━━ PROVIDED MATERIAL

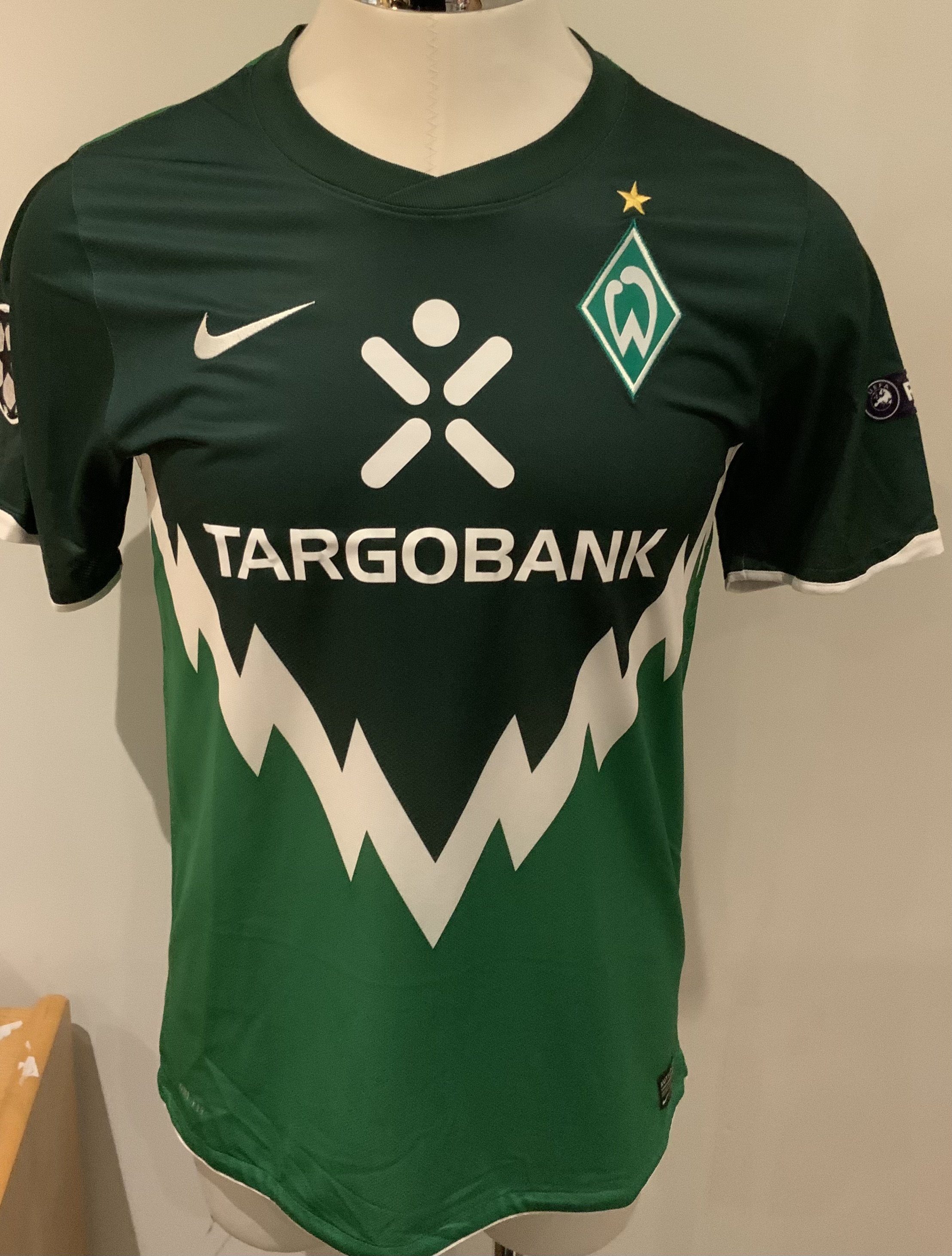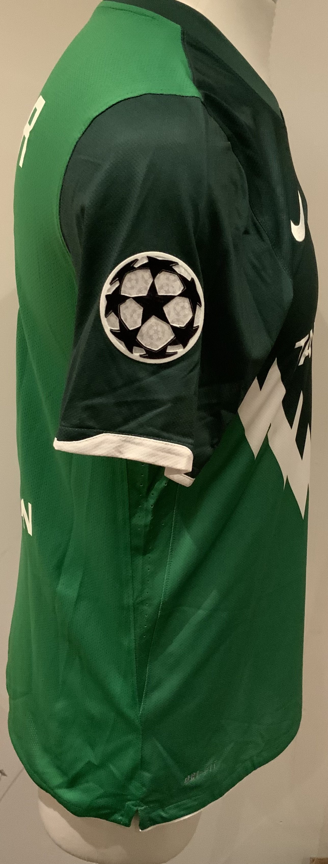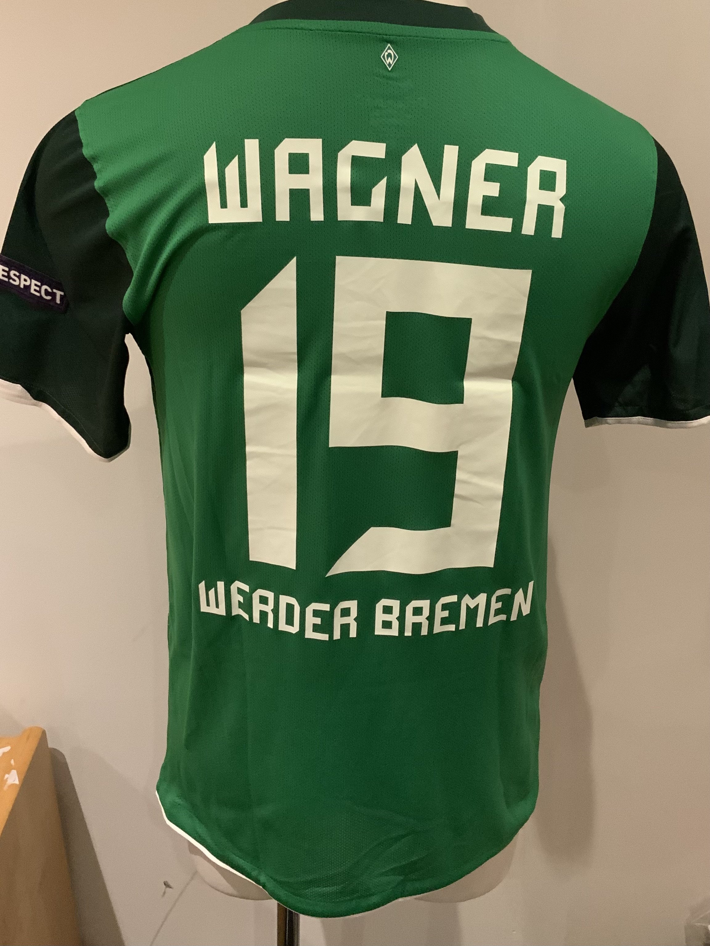 Slavia Prague 2010 - 2011 Match Worn Football Shirt: Green short sleeve shirt with Champions League badging to sleeves. Wagner 19 to rear. Worn during the 2-2 draw against Tottenham on 14 September 2010. Player was a second half substitute.
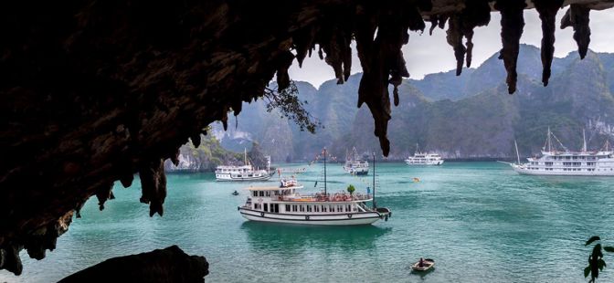 13:45 - Arrive Bo Hon archipelago, you will visit Surprising Cave to see a lot of stalagmites and stalagtiles with different shapes of sea lives, then go kayaking or bamboo boat in Luon Cave to discover the beautiful lagoon. - Visit Titov Island with sandy beach adjacent to the towering limestone mountain with excellent backdrop of the Bay, and climb up Titov Peak for a panoramic view of the bay like paradise.
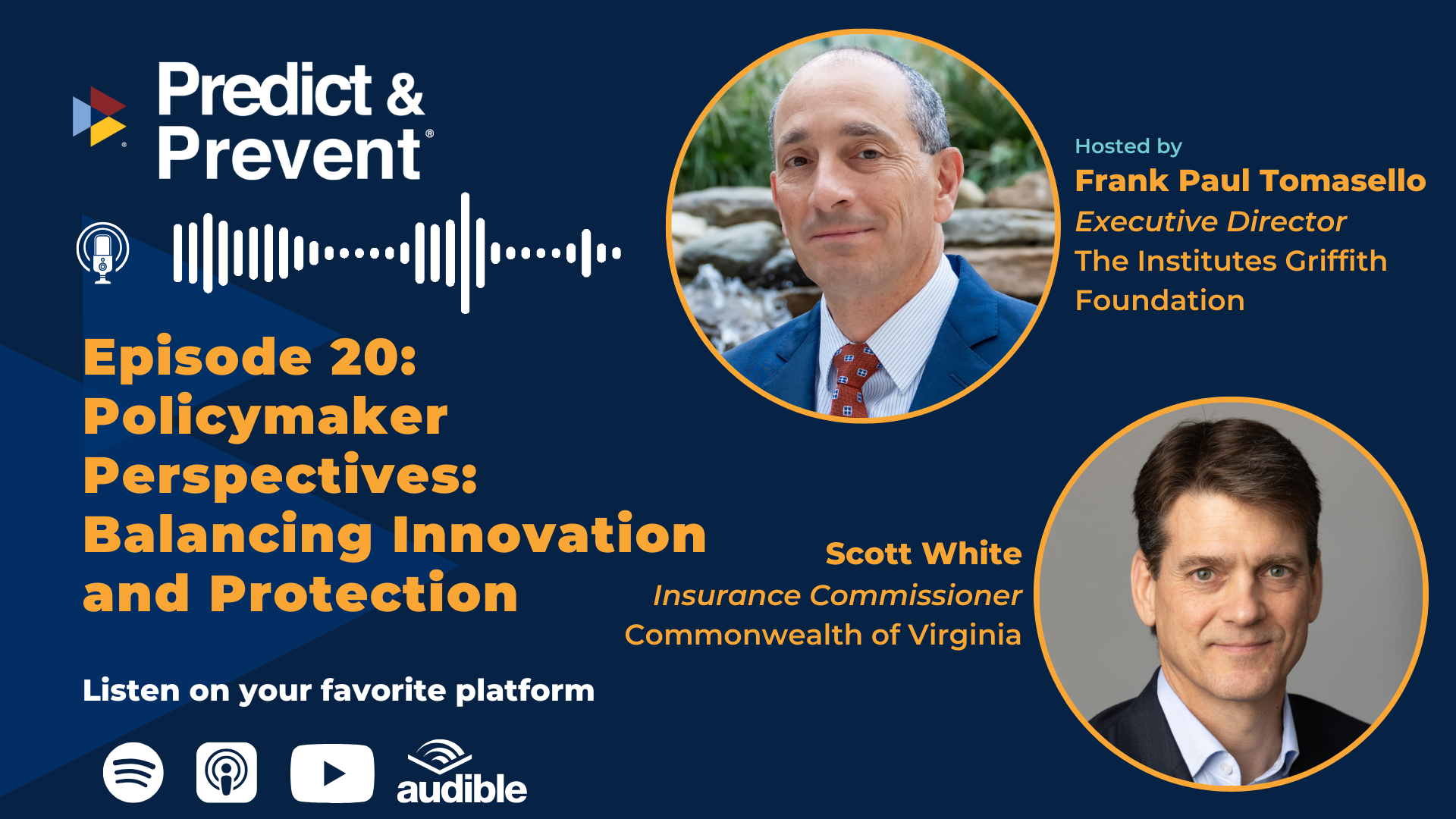 Guest host Frank Paul Tomasello, executive director of The Institutes Griffith Insurance Education Foundation, sits down with Scott A. White—commissioner of the Virginia State Corporation Commission’s Bureau of Insurance and president-elect of the National Association of Insurance Commissioners (NAIC). Together, they discuss how regulators are balancing forward-thinking innovation with the implementation of critical safeguards.

━━━━

** PROBLEM **
Hand back every line of the material, exactly, without the pictures.

** SOLVED EXERCISE **
 Slavia Prague 2010 - 2011 Match Worn Football Shirt: Green short sleeve shirt with Champions League badging to sleeves. Wagner 19 to rear. Worn during the 2-2 draw against Tottenham on 14 September 2010. Player was a second half substitute.
 13:45 - Arrive Bo Hon archipelago, you will visit Surprising Cave to see a lot of stalagmites and stalagtiles with different shapes of sea lives, then go kayaking or bamboo boat in Luon Cave to discover the beautiful lagoon. - Visit Titov Island with sandy beach adjacent to the towering limestone mountain with excellent backdrop of the Bay, and climb up Titov Peak for a panoramic view of the bay like paradise.
 Guest host Frank Paul Tomasello, executive director of The Institutes Griffith Insurance Education Foundation, sits down with Scott A. White—commissioner of the Virginia State Corporation Commission’s Bureau of Insurance and president-elect of the National Association of Insurance Commissioners (NAIC). Together, they discuss how regulators are balancing forward-thinking innovation with the implementation of critical safeguards.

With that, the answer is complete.